Müşriklerin eziyetleri dayanılmaz hâle gelince Allah Rasûlü -sallâllâhu aleyhi ve sellem-, ashâbına saklı saklı hicret etmelerini söyledi. Bunu bilen müşrikler yalnız kalan Peygamber Efendimiz’e suikast tasarladılar. Her kabileden bir genç gelip aynı anda saldıracaktı. Böylece Allah Rasûlü’nün yakınları bir hak iddia ettiklerinde bütün kabileleri karşılarında bulacaklardı. Bu esnâda, Cenâb-ı Hak, Peygamber Efendimiz’e de hicret etmesini emir byatardı. Rasûlullah -sallâllâhu aleyhi ve sellem-, Hz. Ali’yi çağırıp üzerinde bulunan emânetleri yerlerine teslîm etmesi için yerine vekil bı­raktı. Zira Mekke’de, değerli bir eşyâsı olup da, sıdkını ve emînliğini bildikleri için, onu Rasûlullah’a emânet etmeyen kimse yoktu.

O gece müşrikler evin etrâfını sarmışlardı. Fakat Allah’a tevekkül ve teslîmiyeti sonsuz olan Peygamber Efendimiz’de hiçbir tereddüd, evham ve telâş emâresi görülmüyordu. Bir avuç toprak alarak müşriklerin üzerine serpti ve Yâ-sîn sûresinin ilk âyet-i kerîmelerini okuyarak aralarından süzülüp geçti.
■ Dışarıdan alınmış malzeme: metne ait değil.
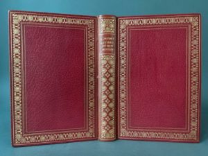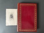ROY, FRAIPONT. DAUDET (Alphonse). Lettres de mon moulin. Paris, Ernest Flammarion, [1904]. In-8, maroquin cerise, dos lisse, auteur et titres dorés, frises de feuilles d'eau dans un encadrement doré, encadrement aux plats de frise de feuilles d'eau, ovales et rond, triple filet et pointillés doré, même encadrement répété aux contreplats, garnitures de soie moirée chocolat ainsi qu'aux gardes, tranches dorées. 150 bois dans le texte par José Roy et G. Fraipont. Ex-libris volant de Gustav Strands Bog, dessiné par Ed. Liesen en 1922 et gravé à l'eau-forte par K.H. en 1923.
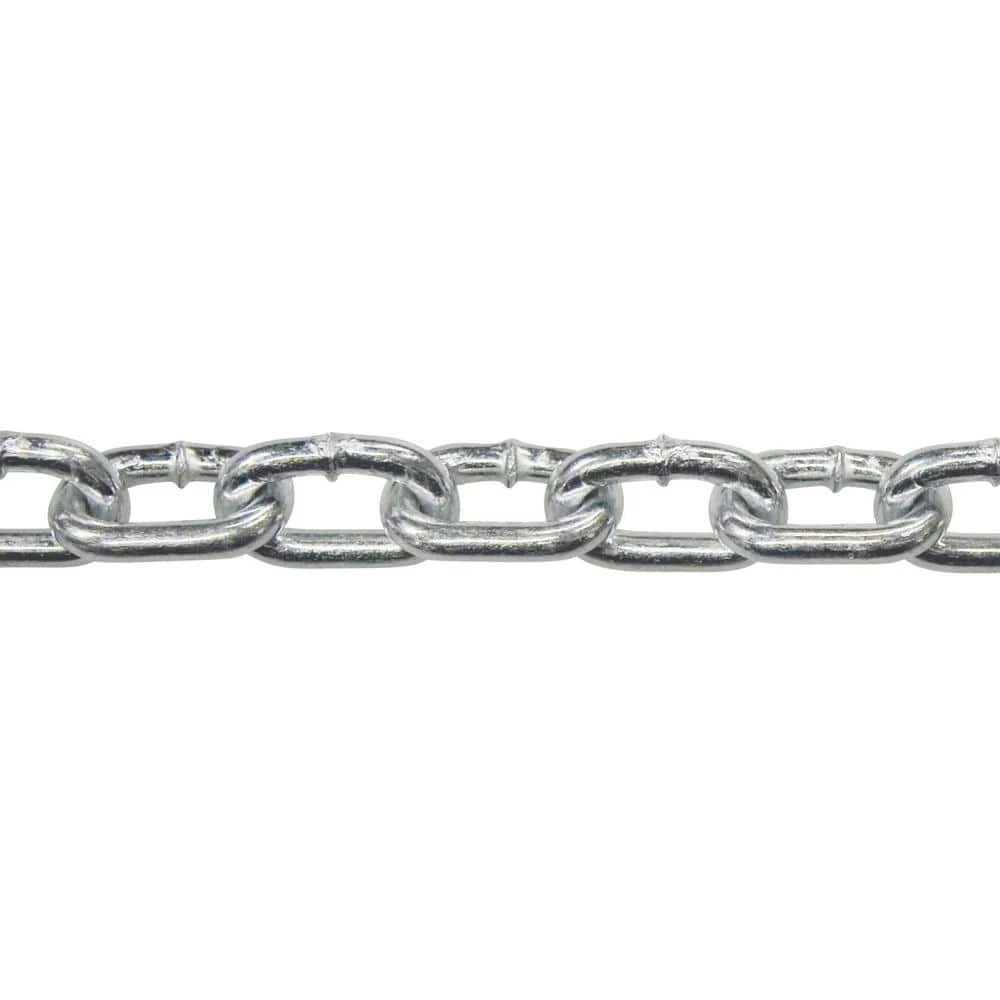 Straight Link Coil Chain is an excellent general purpose, low carbon utility chain that is easily identified by its link design. The chain is manufactured to NACM standards. Each link is proof tested 2 times and the break load is 4 times the Safe Workload (design factor 4:1). Straight Link Coil Chain is recommended for applications that do not require high strength-to-weight ratios. It is typically used for tailgates, barrier guards, swing sets, hanging light fixtures and animal chains. Chain is zinc plated for a bright, attractive finish with moderate corrosion resistance. Do not use for overhead lifting. Never exceed the Safe Working Load (SWL).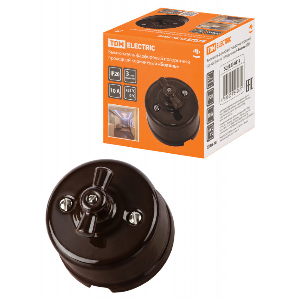 Выключатель фарфоровый поворотный проходной с ручкой (бантик) 10А коричневый «Болонь» SQ1820-0414, Изделие электроустановочное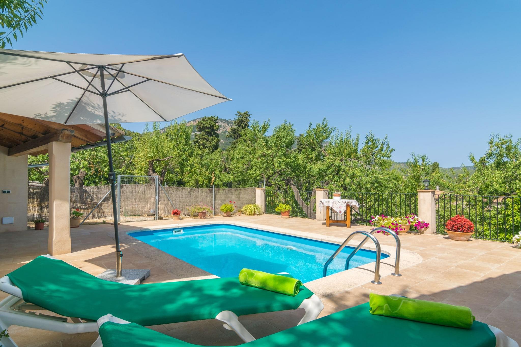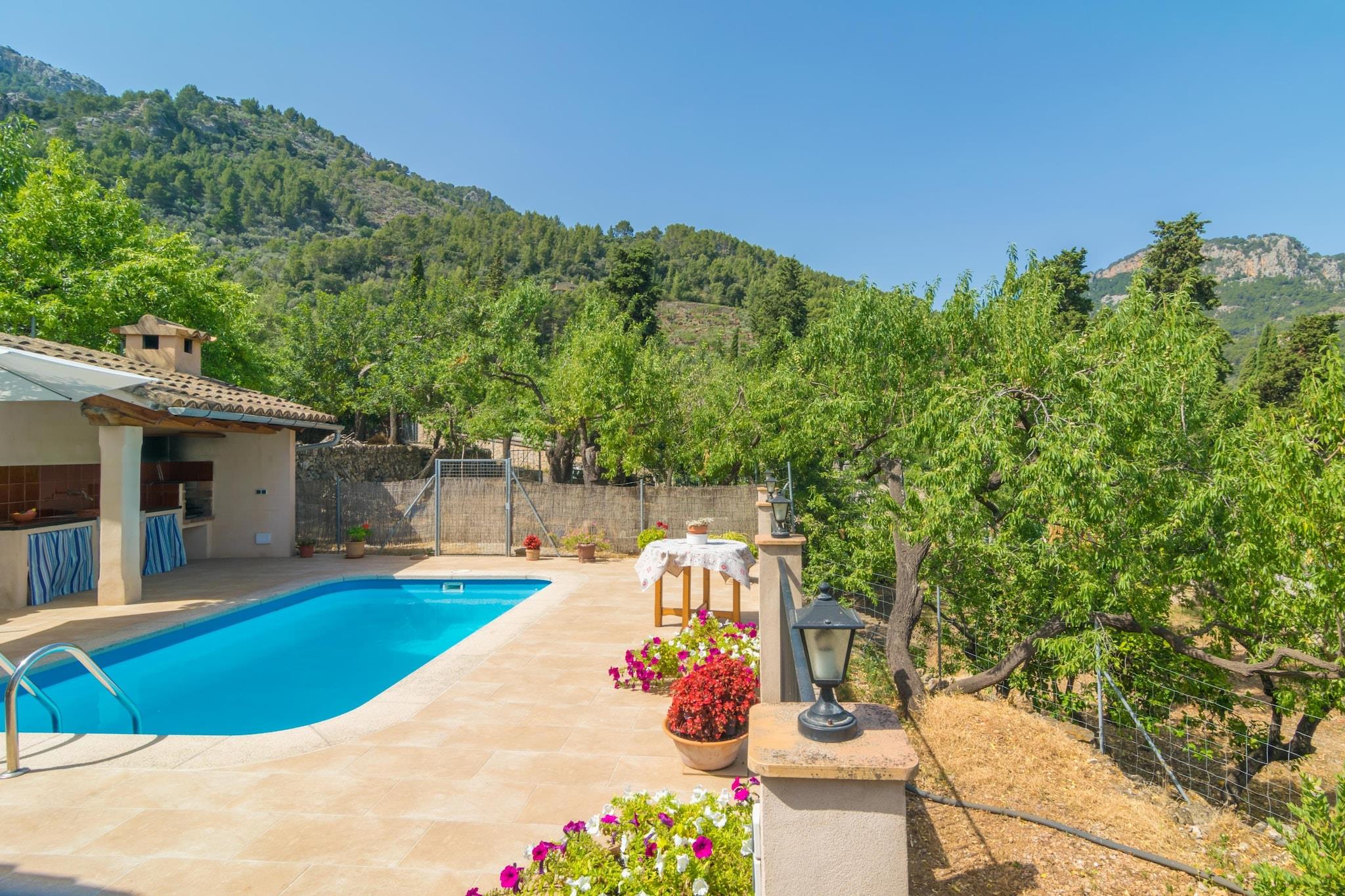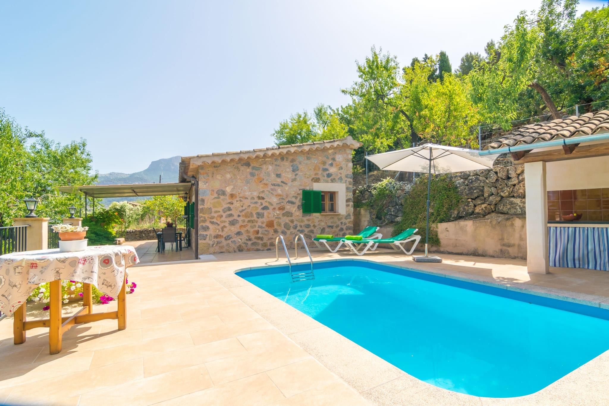 Het privé chloorzwembad heeft een afmeting van 5m x 4m en een diepte die varieert van 1,15m tot 1,5m en daar kun je midden in de bergen zwemmen. Na een verfrissende duik nodigen twee ligstoelen uit om te zonnebaden. Ernaast bevindt zich een kleine buitenkeuken met vaste barbecue, waar u heerlijke diners kunt bereiden. Het terras is een prachtige plek om buiten te eten met een idyllisch uitzicht op de steden Fornalutx en Biniaraix. Het perceel is omheind en er zijn buren verspreid over het gebied. Binnen wacht u een comfortabele woon-eetkamer-keuken met airconditioning en satelliettelevisie. De keuken is volledig uitgerust en beschikt over elektrische kookplaten. In de wasruimte, gelegen op het terras, vindt u een wasmachine, een strijkijzer en een strijkplank. De slaapkamer heeft twee eenpersoonsbedden, een ventilator, een kledingkast en een elektrische radiator voor de koudere maanden. Een badkamer met douche bedient het huis. Een paar minuten lopen brengt u naar het pittoreske stadje Sóller, dat door UNESCO tot werelderfgoed is verklaard. Het meest emblematische gebouw is de kerk van Sant Bartomeu, waarvan het begin teruggaat tot het jaar 1236. In Sóller zijn zeer goede restaurants, supermarkten en cafés, kortom alles wat u nodig heeft voor een zelfstandig verblijf. Met de tram of bus kunt u naar Puerto de Sóller en zijn prachtige zandstrand, winkels en bars. Er zijn veel mooie routes en excursies in de omgeving, maar de bekendste is een ritje met de oude trein naar Palma, langs prachtige landschappen en authentieke stadjes totdat je de hoofdstad van Mallorca bereikt. De baaien van de Tramuntana zijn grotendeels rotsachtig, waaronder Llucalcari, Cala Dei en Port des Canonge. Panoramische en zeer romantische routes leiden u door de bergen, ideaal voor ritten met de auto of de fiets. Een auto is noodzakelijk. Voor eventuele extra kosten kunt u contact opnemen met de adverteerder. Wij accepteren geen huisdieren. Het vieren van evenementen is niet toegestaan. Afstanden Strand: 7,2 km - Port de Soller Luchthaven: 39 km - Aeroport Son Sant Joan Golfbaan: 25 km - Son Termes Stad: 3 km - Soller Treinstation: 3 km - Soller Bushalte: 3 km - Ctra. de Desviament, Soller Veerboot: 36 km - Port de Palma Ziekenhuis: 30 km - Son Epases Toeristenvergunning: ETV/4811 Bij de ingang moet u de Ecotasa (toeristenbelasting van de Balearen) contant betalen. Het bedrag varieert tussen EURO 0,55 / per nacht per persoon in het laagseizoen en EURO 2,2 / per nacht per persoon in het hoogseizoen. Vanaf de negende dag wordt het met de helft verminderd. Personen onder de 16 jaar uitgesloten.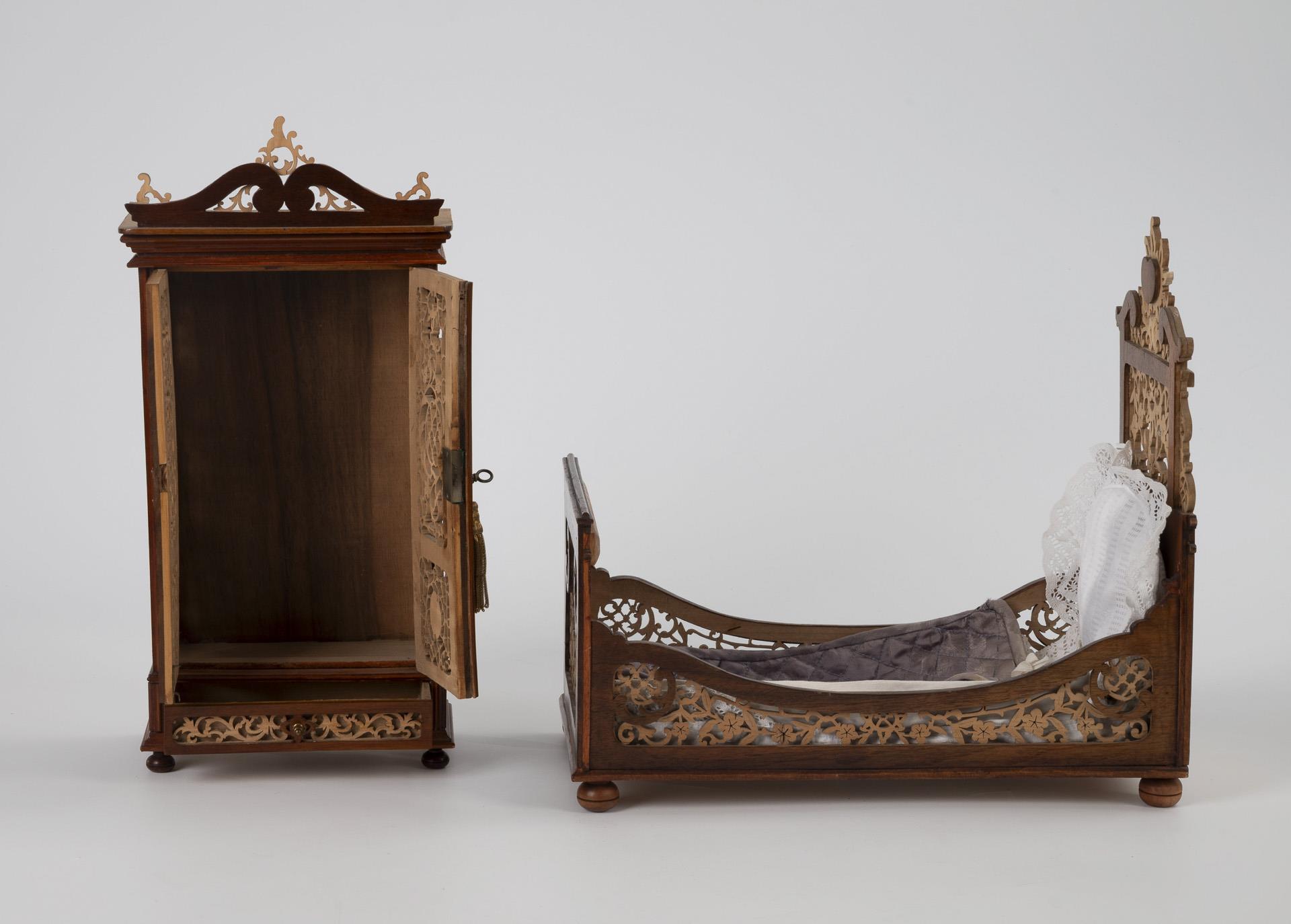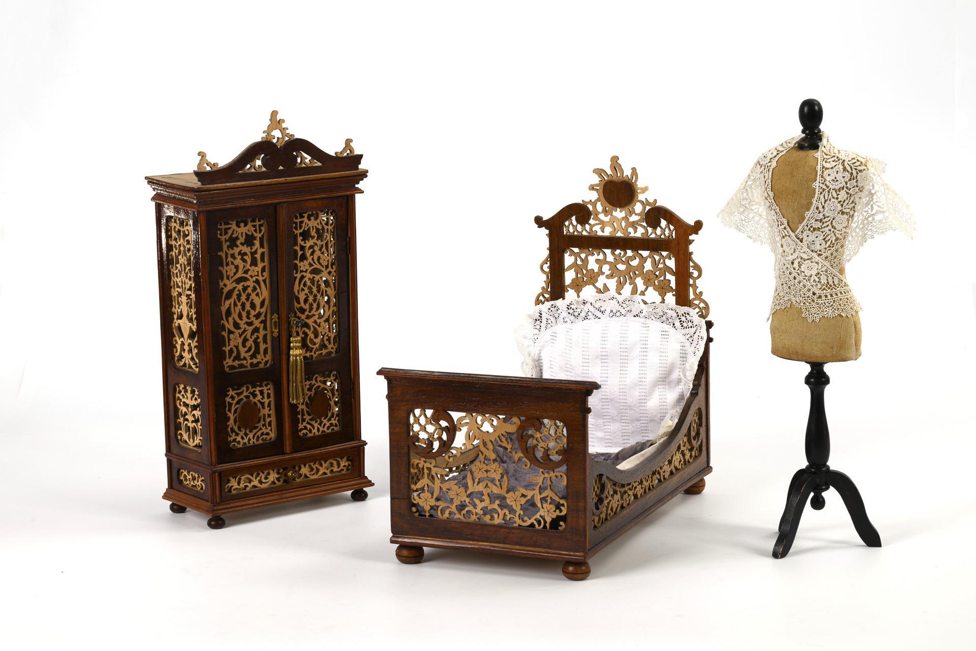 Elegante Möbel mit ausgesägtem Gitterwerk: Bett (L 34 cm) und 2-türiger Kleiderschrank (H 38 cm). Dazu Schneiderpuppe auf schwarzem Drechselfuß (H 39 cm). Kleine Defekte und Ergänzungen.

Onu hiçbiri göremedi.

Böylece Allah Rasûlü -sallâllâhu aleyhi ve sellem-, Mekke’deki on üç senelik irşad çabalarından sonra Medîne’ye hicret etmiş oldu. Medîneli müslümanlar olan Ensâr ile Mekke’den göç ederek gelen Muhâcirleri birbirleriyle kardeş îlân etti. Ensâr, Muhâcir kardeşlerine mülk beyânında bulunarak; “İşte mülküm; al, yarısı senin olsun!..” dediler. Buna mukâbil gönülleri birer kanı hazînesi hâline gelen Muhâcirler de:

“−Mülkün ve malın sana mübârek olsun kardeşim, sen bana çarşının yolunu göster, kâfî!” diyebilme olgunluğunu sergilediler. Buhârî, Büyû, 1

Rasûlullah -sallâllâhu aleyhi ve sellem- o günlerde Medine’de yaşayan Muhâcirler, Ensâr ve Yahudiler’in birbirlerine ve yeni İslâm devletine karşı mesuliyetlerini tanzim eden bir anayasa hazırladı. “Medîne Vesîkası” sınan bu metin, dünya tarihindeki ilk yazılı anayasa idi.[1]

Müşriklerin müslümanlara gösterdiği sarih husumet ve komşu yahudilerin sık sık uyuşmayı bozup sözlerinden dönmeleri sebebiyle bazı savaşlar yapıldı. Cihanlara rahmet olarak sevk edilen Rasûlullah -sallâllâhu aleyhi ve sellem-, askerî operasyonlarda öyle bir acıma siyaseti izledi ki, kısa sürede bütün Arap Yarımadası’nı idâresi altına aldığı hâlde, her iki taraftan da fazla kan dökülmesine alan vermedi. Bütün problemleri öncelikle sulh yoluyla halletmeyi seçim etti.

Peygamber Efendimiz bizzat 29 gazveye katılmıştı. Bunların 16 tanesinde fiilî olarak hiçbir çatışma çıkmadı, karşı tarafla uyuşmalar yapıldı. 13 gazvede ise fiilî çatışmaya girmek mecbûriyetinde kaldı ve bunların toplamında müslümanlardan takribî 140 birey şehîd oldu, düşmanlardan da takribî 335 birey öldü.[2]

İslâm’da savaşın asıl gayeyi; insanları öldürmek, ganîmet elde etmek, yeryüzünü yıkım etmek, şahsî çıkar sağlamak, maddî çıkar elde etmek veya intikam almak değil; bunların aksine, eziyeti ortadan kaldırmak, inanç hürriyetini temin etmek, insanları hidâyete kavuşturmak ve her türlü haksızlığı gidermektir.

Dipnotlar:

[1] Prof. Dr. M. Hamîdullah, The First Written Constitution in the World, Lahore 1975. [2] Bkz. Prof. Dr. M. Hamîdullah, Hz. Peygamber’in Savaşları, İstanbul 1991; Dr. Elşad Mahmudov, Sebep ve Sonuçları İtibâriyle Hazret-i Peygamber’in Savaşları, 2005, M.Ü.S.B.E. Basılmamış Hekime Tezi.